Ha!  I once bought a Lexus across the street from that place.  You're a madman, Dre.


----------



## The Outlaw *BANNED* (Aug 14, 2020)

Ash said:


> Thank you for your support! I really appreciate it!


Listen, just so you're aware, I'm not failing to support you... it's just the opposite.  I don't want any social media posts hurting you getting justice.


----------



## Ellejustus (Aug 14, 2020)

Roar!!!!!


----------



## Desert Hound (Aug 14, 2020)

The Outlaw said:


> Ha!  I once bought a Lexus across the street from that place.  You're a madman, Dre.


So you are saying you are not showing up? Which means nobody will be posting a photo of 2 members of the So Cal Forum braintrust?


----------



## MacDre (Aug 14, 2020)

The Outlaw said:


> Ha!  I once bought a Lexus across the street from that place.  You're a madman, Dre.


What a pleasant surprise.  I figured a guy like you would only buy American products.  No Chevy or Ford of the pickup type?  I’m having a hard picturing a cowboy in a Lexus.  Can you wear your cowboy hat and drive at the same time in that Japanese car?


----------



## The Outlaw *BANNED* (Aug 14, 2020)

Desert Hound said:


> So you are saying you are not showing up?

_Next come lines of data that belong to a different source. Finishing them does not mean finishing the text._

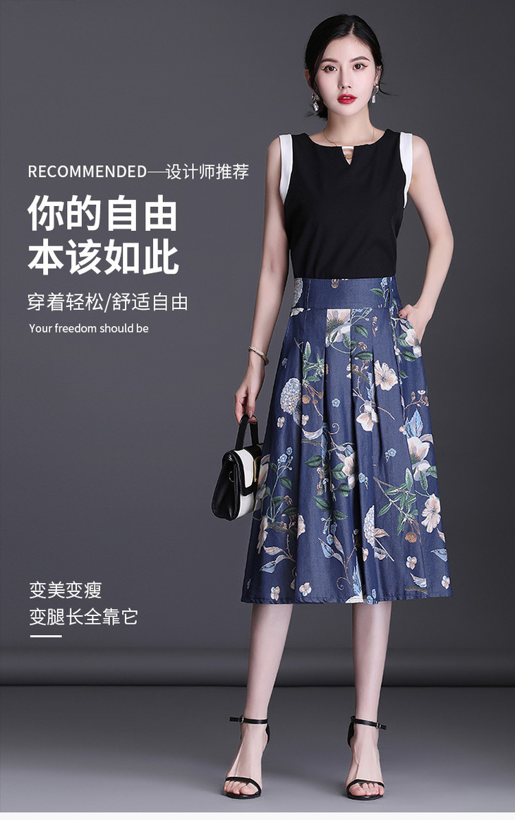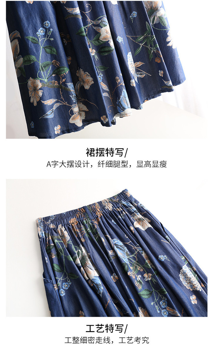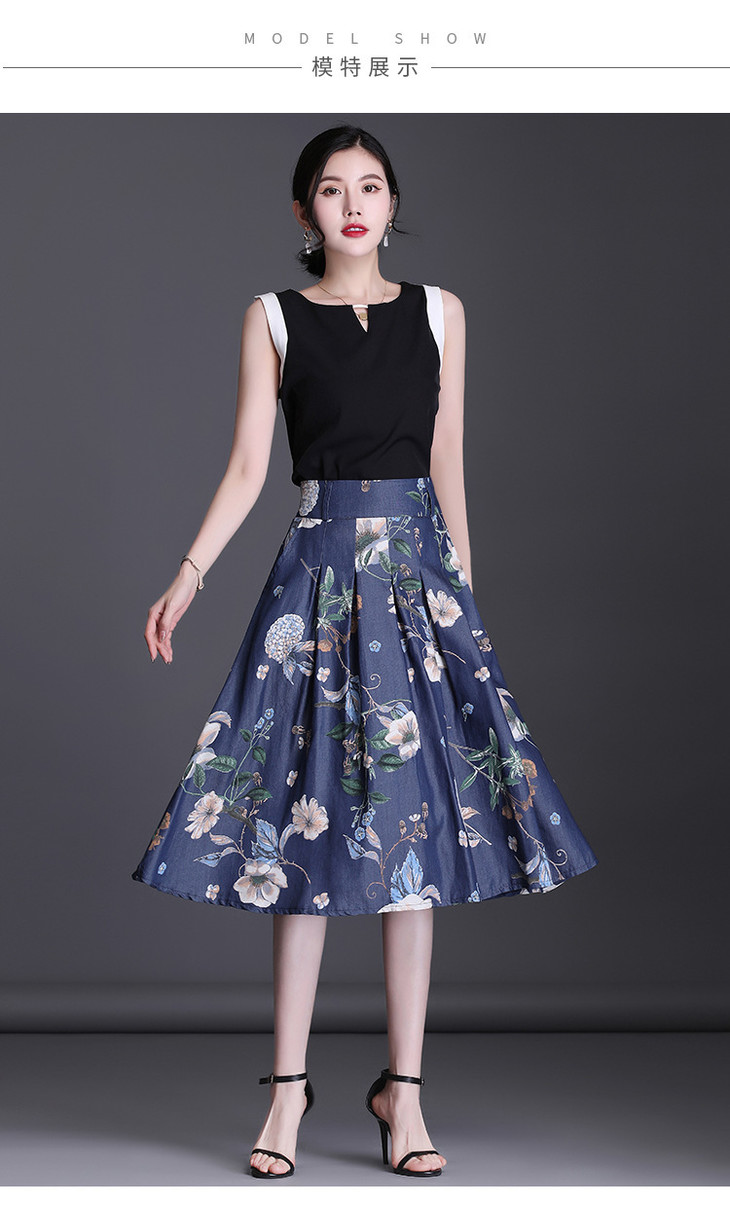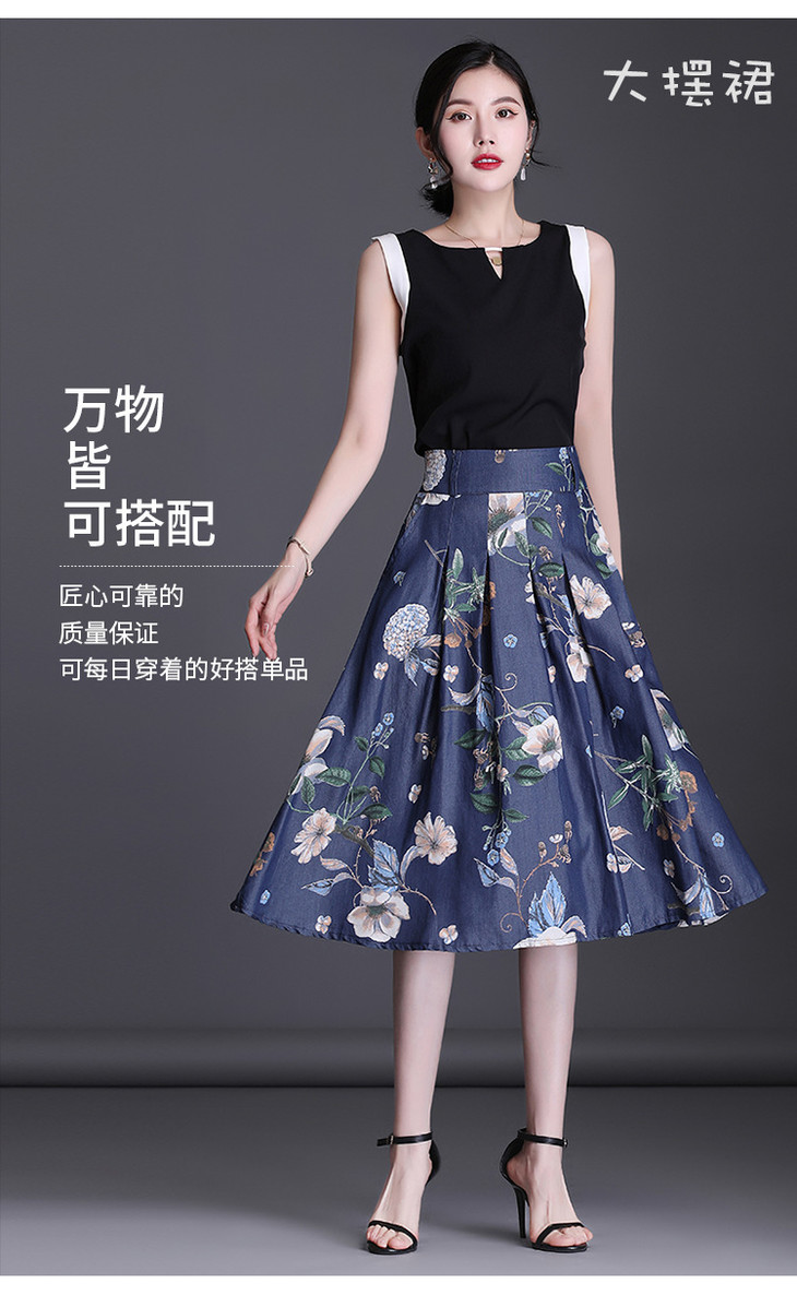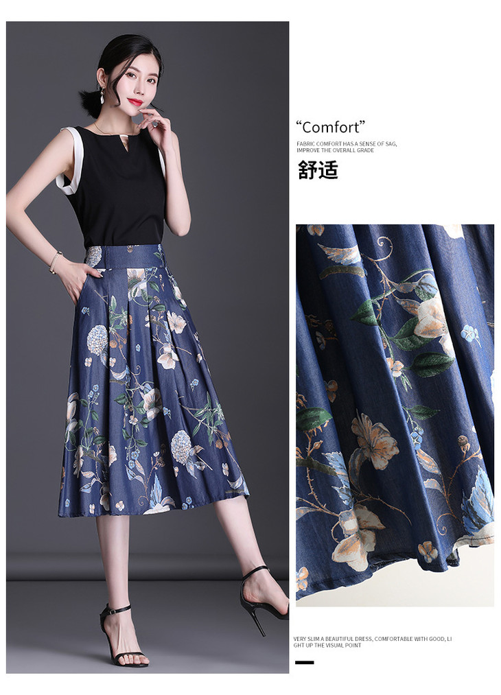 TY3088 天丝牛仔半身裙松紧腰印花夏季新款气质大摆a字中长裙
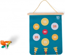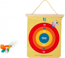 Dieses klassische Dartspiel in kindgerechter Ausführung bietet sicheres und fesselndes Wettspielen zu Hause oder im Kindergarten. Die beidseitige Hängezielscheibe (40 × 31 cm) bietet zwei Spielflächen für mehr Spielvarianten und längeren Spaß. Bunte, federleichte Darts mit magnetischer Spitze haften leicht an der Scheibe und sind ideal für kleine Spieler.
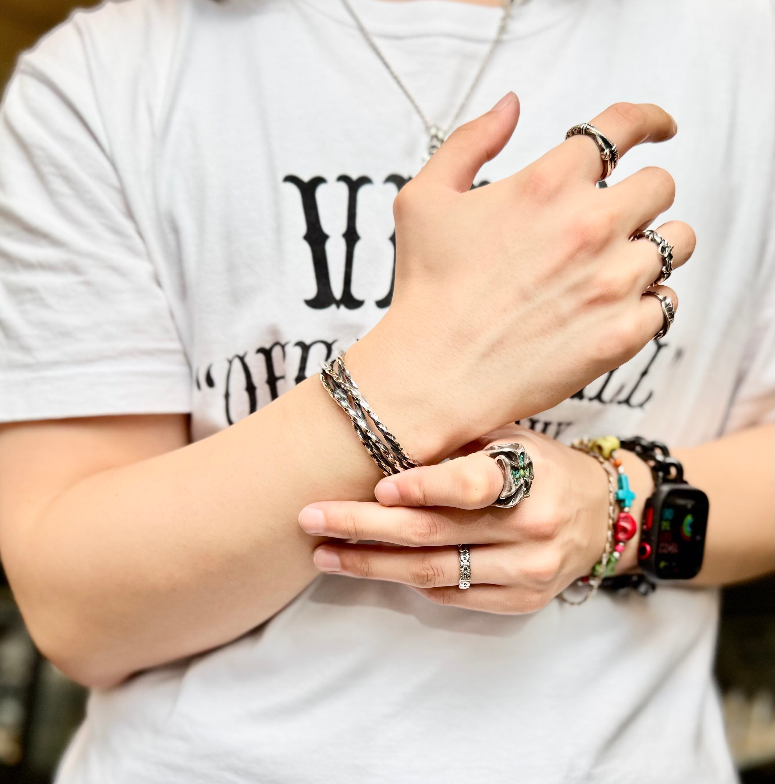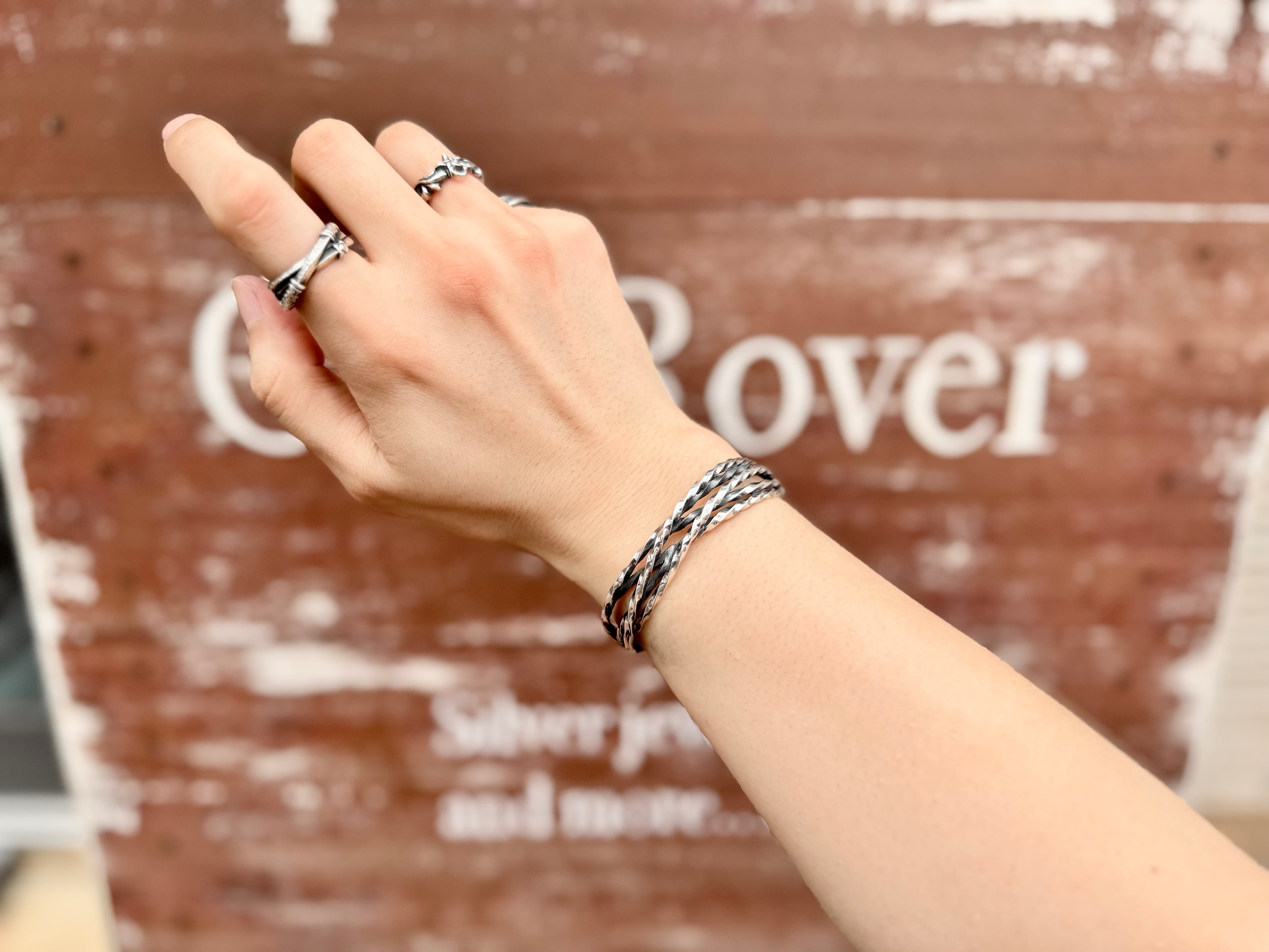 複数本の捩れた線が絡んでいるツイストバングル。

Which means nobody will be posting a photo of 2 members of the So Cal Forum braintrust?


I'd imagine Dre will be in the East Bay Times, Saturday morning, under "Friday Night Badboys" mugshots.


----------



## The Outlaw *BANNED* (Aug 14, 2020)

MacDre said:


> What a pleasant surprise.  I figured a guy like you would only buy American products.  No Chevy or Ford of the pickup type?  I’m having a hard picturing a cowboy in a Lexus.  Can you wear your cowboy hat and drive at the same time in that Japanese car?


Had an F-150 at one time, too, Dre.  I'd make a comment about Lexus being Japanese made but my little stalker might load Dominic's email with tearful requests.


----------



## The Outlaw *BANNED* (Aug 14, 2020)

@justacoach

Okay, what the fuck is this  about?  All I did was let her know she needed to inform us some other way and she did that.


----------



## Ellejustus (Aug 14, 2020)

The Outlaw said:


> Had an F-150 at one time, too, Dre.  I'd make a comment about Lexus being Japanese made but my little stalker might load Dominic's email with tearful requests.


Why are you even responding on this thread with nonsense that has nothing to with what Ash posted.  You said what you think now move on.  Stay on topic dude.  This is super serious subject.


----------



## The Outlaw *BANNED* (Aug 14, 2020)

Ellejustus said:


> Why are you even responding on this thread with nonsense that has nothing to with what Ash posted.  You said what you think now move on.  Stay on topic dude.  This is super serious subject.


Are YOU telling me I'm posting nonsense?  Isn't that a bit like Charles Manson saying cults are foolish and inappropriate?

I guess posting a Katy Perry video is serious to the brain damaged.


----------



## LASTMAN14 (Aug 14, 2020)

Ash said:


> COMPLETELY.
> In 2019 a soccer player told the AD and “Title 9” coordinator of inappropriate texts and flirting from the coaches, ultimately they dismissed the whole thing because “not enough information”. The whole program is corrupt, they cover for each other because of the winning that has taken place there.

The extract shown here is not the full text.